The general purpose of this study is to compare Chitosan-dextran (Chitodex) gel versus current standard of care, Gelfoam, as a middle ear (ME) and external auditory canal (EAC) packing agent as part of tympanoplasty procedures to close tympanic membrane perforations (TMP). The investigators aim to compare the success rates of tympanoplasty surgery between the two products. The ultimate goal is to identify the ME packing agent-of-choice to ensure TMP closure as well as minimal inflammation of the middle ear mucosa.

The most critical measure of success during tympanoplasty surgery is the closure of a chronic, pre-existing TMP. As such, the primary outcome will be a measure of tympanic membrane closure. This is performed under direct vision during routine post-operative surveillance via the use of either a hand-held otoscope or an operating otologic microscope.

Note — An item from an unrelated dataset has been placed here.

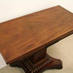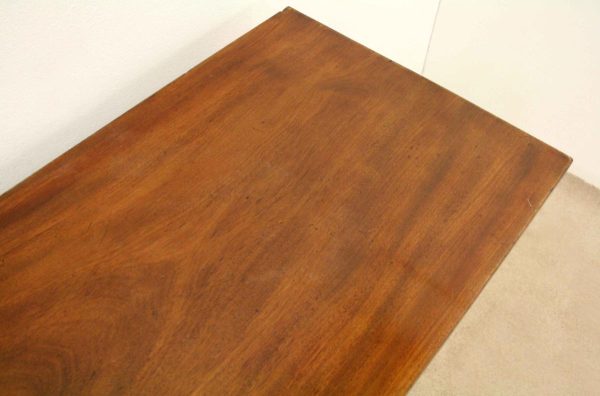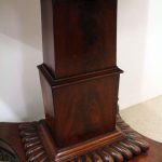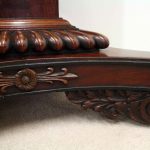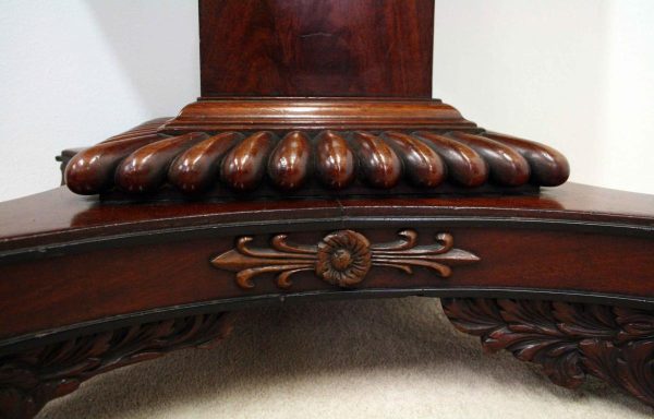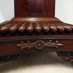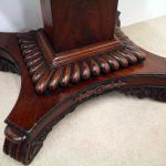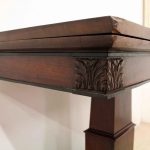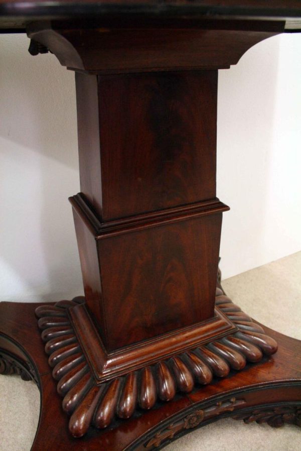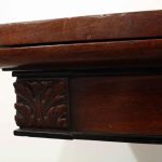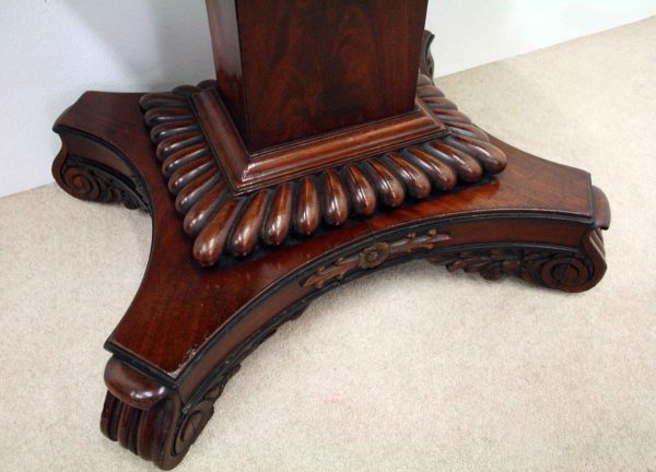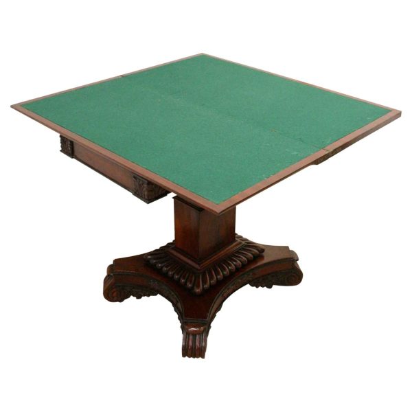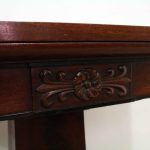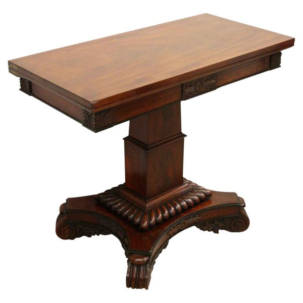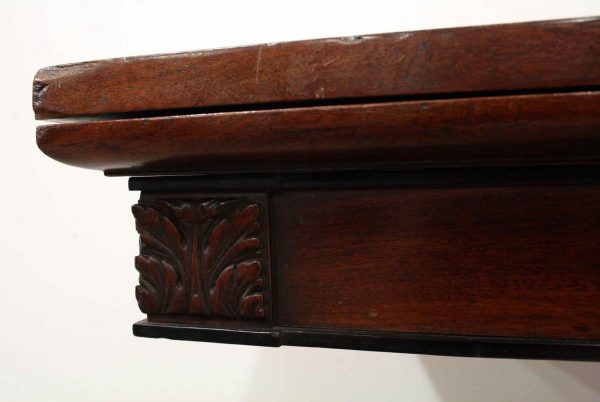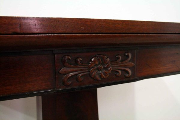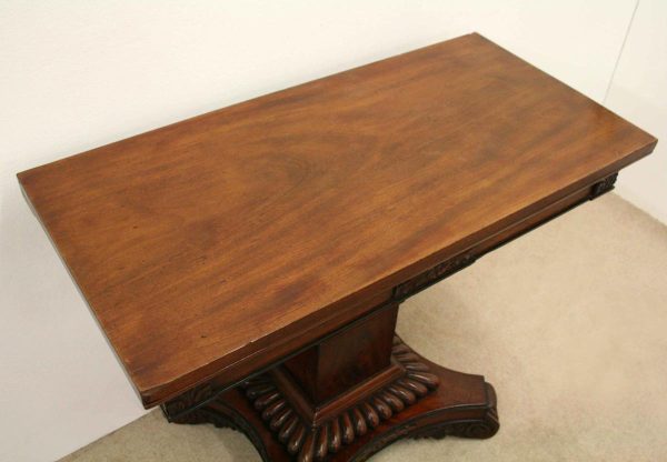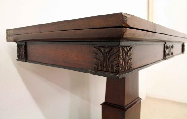 Circa 1830, late George IV mahogany fold over card table. The rectangular top has a flat fore edge, and is hinged at the back, opening to reveal a baize lined interior. The top swivels and there is a small opening beneath for storing the cards. Beneath the top is an apron with foliate carved sections in the centre and corners. The base is quite robust with two sections. The top section is tapering with a flame mahogany front and double beading in the centre, over a further broader section with a wrap around base of ogee mouldings. From this comes a strong gadrooning, on a platform shaped base with a foliate carving similar to that on the top. This stands on a scrolling foot finishing on a foliate carved quarter bracket. The table has a wonderful architectural look about it and would make a fine side table or card table.

The investigators will perform this check at 4 distinct time-points: 2 and 6 weeks post-op, 3 months post-op and 6 months post-op. Chitosan-dextran gel is packaged within a syringe and has a cannula attached, much like the Gelfoam syringe system. Approx 3-5mL of product is applied during the surgery.

Approx 2mL into the middle ear, as a support material for the graft. After graft suturing is complete, another 3mL (approx) is applied into the external ear canal as a packing agent. This is the same procedure as Gelfoam is currently used for this purpose.

The surgeon will administer the gel during the surgery as they would with the standard of care Gelfoam. The product comes in a sterile kit to be opened by Scrub Nurse. Fidelity of the interventions is measured in several ways by the surgeon at the end of the operation.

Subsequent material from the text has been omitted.